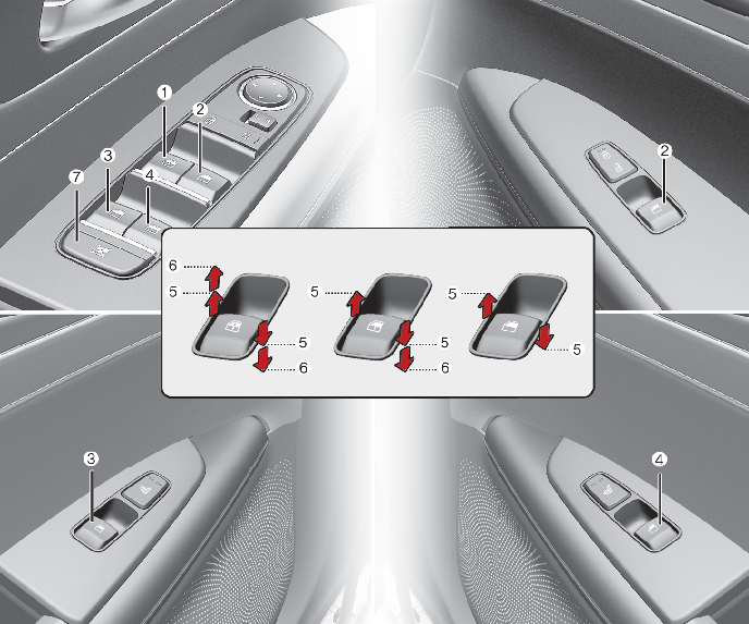 The doors of this vehicle are equipped with power windows that can be operated by a switch.
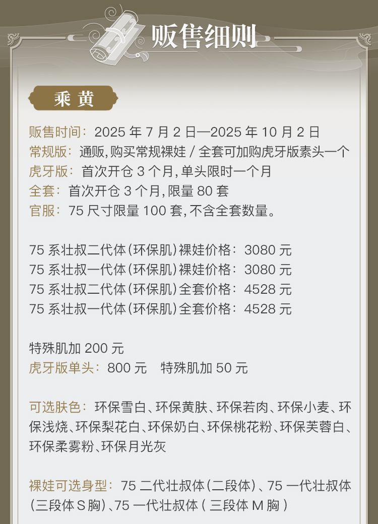 商品属性 [人形师] 龙魂创作团队 [官图身型] 75一代壮叔体(三段体S胸) [头围] 头围 约23.3cm [官图眼珠] 眼珠(16mm小虹膜) [官图肤色] 环保黄肌 [裸娃] 裸娃(不含妆)包含:乘黄素头一枚、素体一体(含该身体原配手一对、原配脚一对) [全套] 全套(不含妆)包含:乘黄裸娃一体、腾黄角(含妆)LHAP-0067、造型发LHWG3-S0053、官服(含尾巴)75BC-75a-0013 [妆面设计师] 龙魂创作团队 [服装品牌] 龙魂创作团队
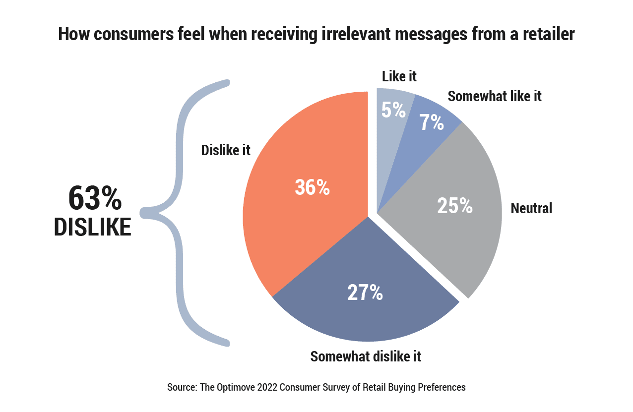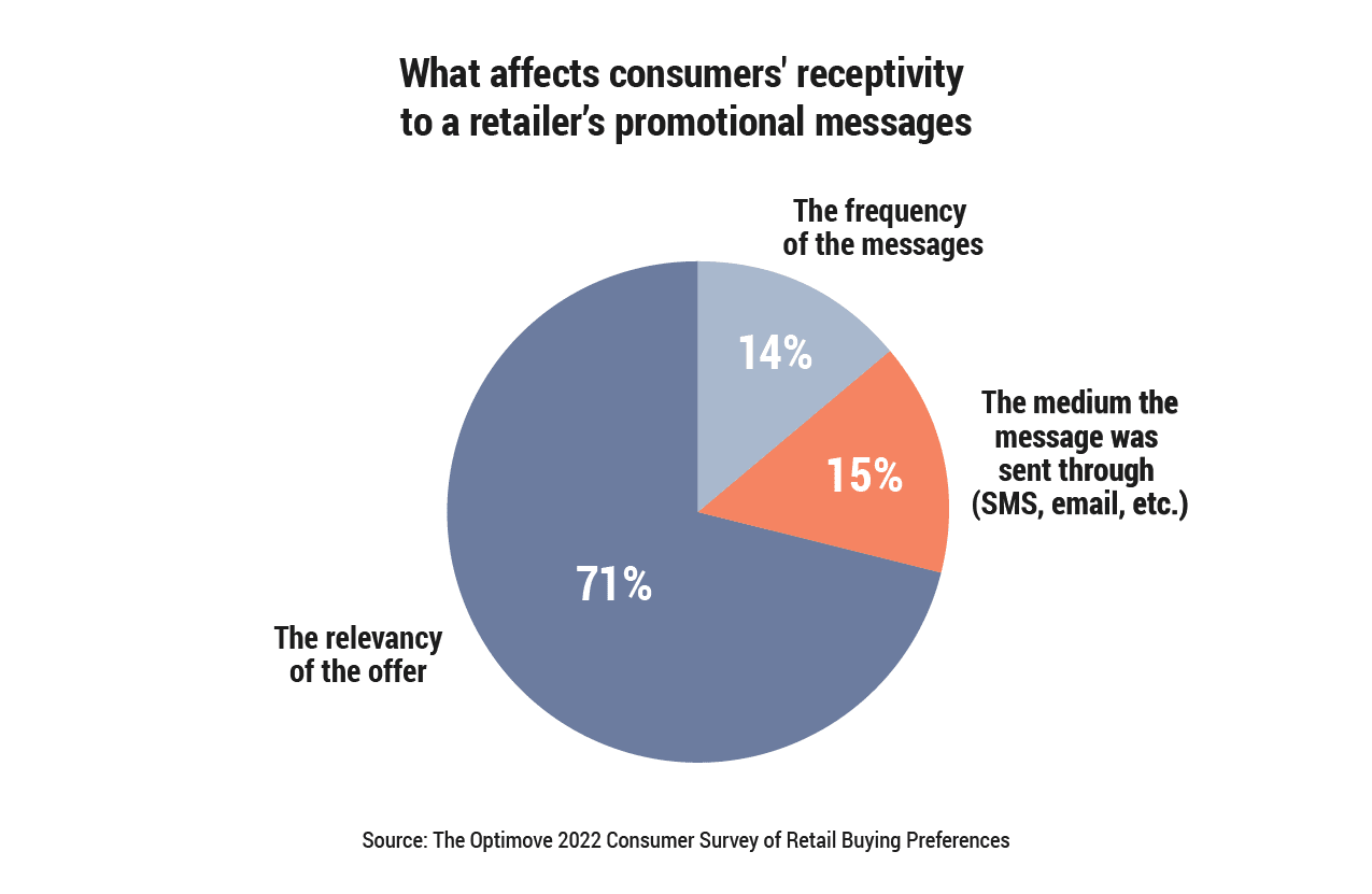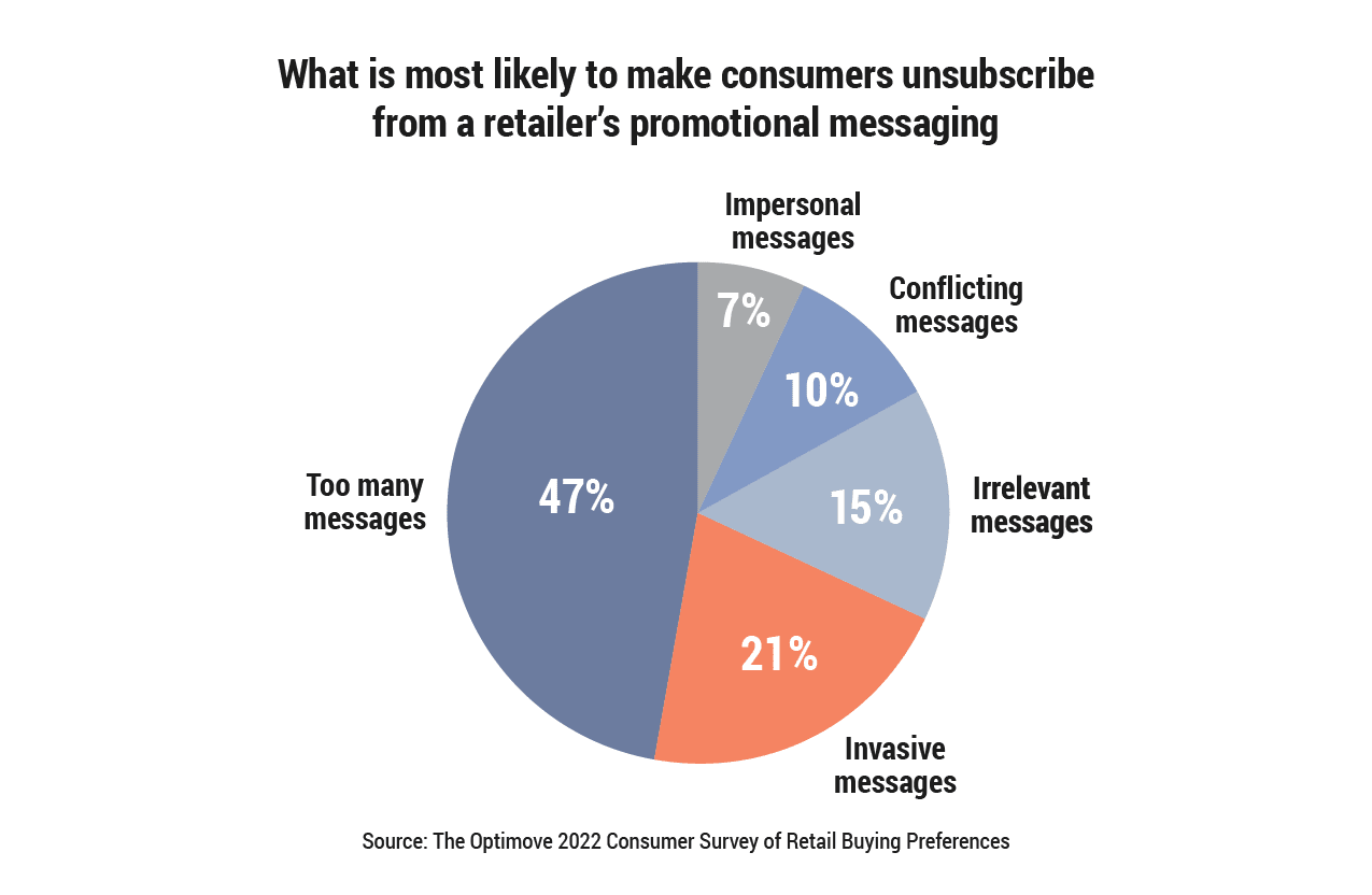 July 31, 2022 – Forty-seven percent (47%) of consumers said that they unsubscribe from a retailer's promotional messages if they get too many messages. Conversely, 71% say they are most receptive to promotional messages based on the relevancy of the offer, and 63% dislike receiving irrelevant messaging from a retailer. The results are from The Optimove 2022 Consumer Survey of Retail Buying Preferences, a survey of 500 consumers ages 18+. The survey was designed by Optimove and fielded by Survey Monkey in the second quarter of 2022.

* * *

● **Try it**
Will you repeat the material above, but only from the line containing "商品属性 [人形师] 龙魂创作团队" through its last line, exactly and without the pictures?

● **Response area**
 商品属性 [人形师] 龙魂创作团队 [官图身型] 75一代壮叔体(三段体S胸) [头围] 头围 约23.3cm [官图眼珠] 眼珠(16mm小虹膜) [官图肤色] 环保黄肌 [裸娃] 裸娃(不含妆)包含:乘黄素头一枚、素体一体(含该身体原配手一对、原配脚一对) [全套] 全套(不含妆)包含:乘黄裸娃一体、腾黄角(含妆)LHAP-0067、造型发LHWG3-S0053、官服(含尾巴)75BC-75a-0013 [妆面设计师] 龙魂创作团队 [服装品牌] 龙魂创作团队
 July 31, 2022 – Forty-seven percent (47%) of consumers said that they unsubscribe from a retailer's promotional messages if they get too many messages. Conversely, 71% say they are most receptive to promotional messages based on the relevancy of the offer, and 63% dislike receiving irrelevant messaging from a retailer. The results are from The Optimove 2022 Consumer Survey of Retail Buying Preferences, a survey of 500 consumers ages 18+. The survey was designed by Optimove and fielded by Survey Monkey in the second quarter of 2022.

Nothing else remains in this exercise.